In May 1976 I gave birth to my first child. She was stillborn.

I had a perfectly normal healthy pregnancy. I knew something was wrong from my examination at 34 weeks. I was sent for a scan. No-one would talk to me. I later learnt that a decision was made to tell me nothing. At 36 weeks they said my baby was small and it would be better if she was born now.

After 36 hours of labour I was finally told my baby was dead and that I needed an emergency Caesarean Section. I remember everything, every detail, every word spoken, every action, every feeling. I thought I was going to die and I wanted to.

Then nothing. A blank space, a void where there should have been a new life starting.

I asked questions which were mostly avoided or went unanswered. I was not allowed to see or to hold her. I was told to forget, get on with my life, to get pregnant again. I was told my daughter had Hydrocephalus and Spina Bifida. When I asked about the funeral was told that she had been 'slipped' in with someone-else. When I tried to give her a name I was told there was no provision to name a stillborn child.

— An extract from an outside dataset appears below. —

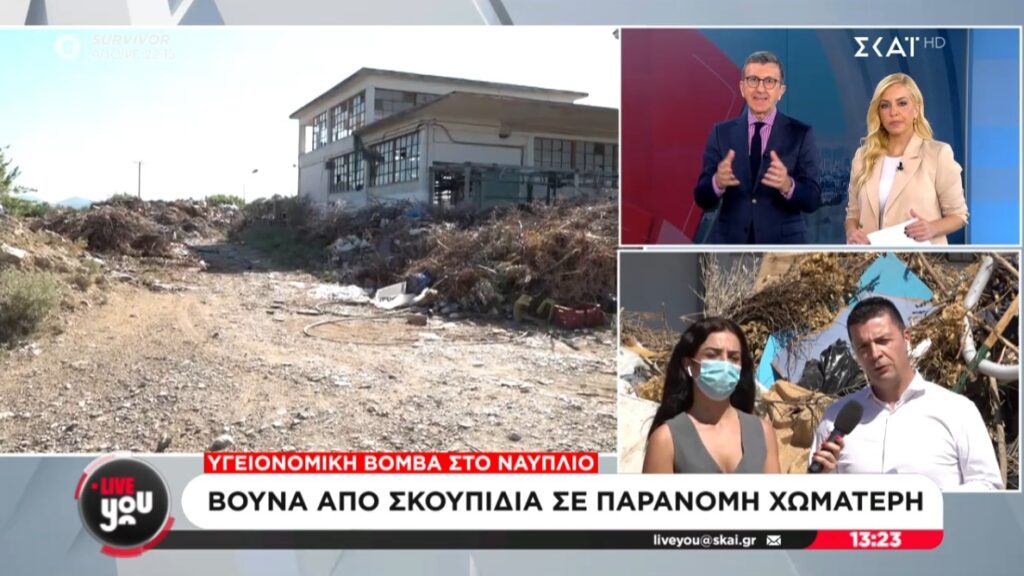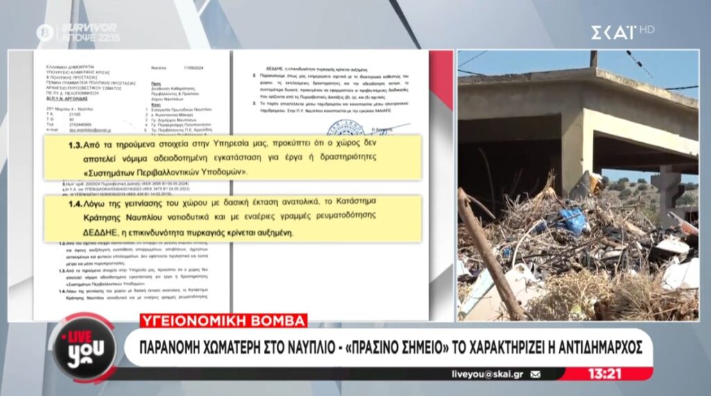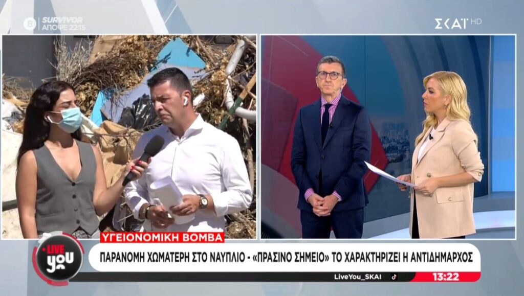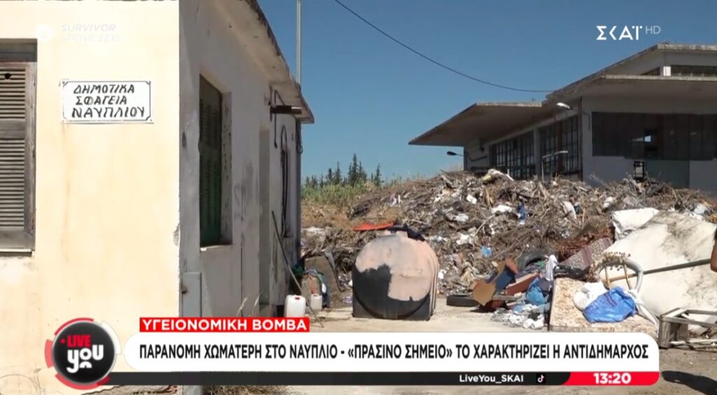 Στον τηλεοπτικό σταθμό ΣΚΑΙ και ειδικότερα στην εκπομπή LIVE YOU, με τον Άρη Πορτοσάλτε και την Μαρία Αναστασοπούλου αναδείχθηκε το πρόβλημα με τα σκουπίδια στο Ναύπλιο και την εναπόθεσή τους σε χώρο που βρίσκεται πίσω από τις φυλακές Ναυπλίου τον οποίο αποκαλούν και «Πράσινο Σημείο» !!! Τα όσα ακούστηκαν στην εκπομπή σίγουρα δεν αποτελούν τιμή για την δημοτική αρχή που οφείλει να ζητήσει δημόσια συγνώμη για το θέαμα του σκουπιδότοπου που αποτελεί δυσφήμιση για το τουριστικό Ναύπλιο.

I named her Angela and wrote the name on her certificate myself.

Then in January 2001 came Organ Retention and the knowledge that the hospital I was in was one of the ones being investigated. Now everything I hadn't been told was menacing. After several months, and only after I had been advised who to write to by a solicitor, I started to get answers.

My daughter was not involved in any organ retention but suddenly I had more information than I ever dreamed possible. My daughter had a funeral. She was in a public grave with four adults and six babies. I have all their names. I remember the moment I spoke to the cemetery because that was the moment she became real to me and I felt her, close to me, within me. We were together at last.

I have never forgotten her or grieved for her or come to terms with her loss. I have missed having her and knowing her. I have been aware over the years of times that I was crying for her but the emotion had to be suppressed. No-one would understand the tears after all the years.

I have visited, with my son, the patch of grass that is her unmarked grave. I wrote a letter to her telling her of my feelings. I wanted to bring her home and hold her close. A shrub that will flower in May, around the time of her birthday, has been planted in our garden. A tree to grow and flourish, as she did not, has been planted in the land of her ancestors, Scotland. I took a page in the book of remembrance at the hospital.

There must be so many women like myself who were trying so hard to forget but not succeeding. I used to say that I had lost a baby and I truly had in every sense of the word. No one had the right to make decisions for me or keep information, that was my right as a mother, from me. At last I have been able to grieve, to feel anger and the hurt and pain and to cry the tears that needed so badly to be shed, to begin a healing process. Andrew, my son, understood and grieved with me for the sister he had never known. He was a great support and comfort to me.

I am smiling in my heart and holding you close, we are together at last.

Ann

Written on Mothers day, 2002

Ann later added:

I have found a great inner peace since locating my daughter. It helps me enormously to be able to see her page turned in the Book of Remembrance on her birthday. Now I have somewhere to go in May each year. This has brought closure after many years of feeling emptiness.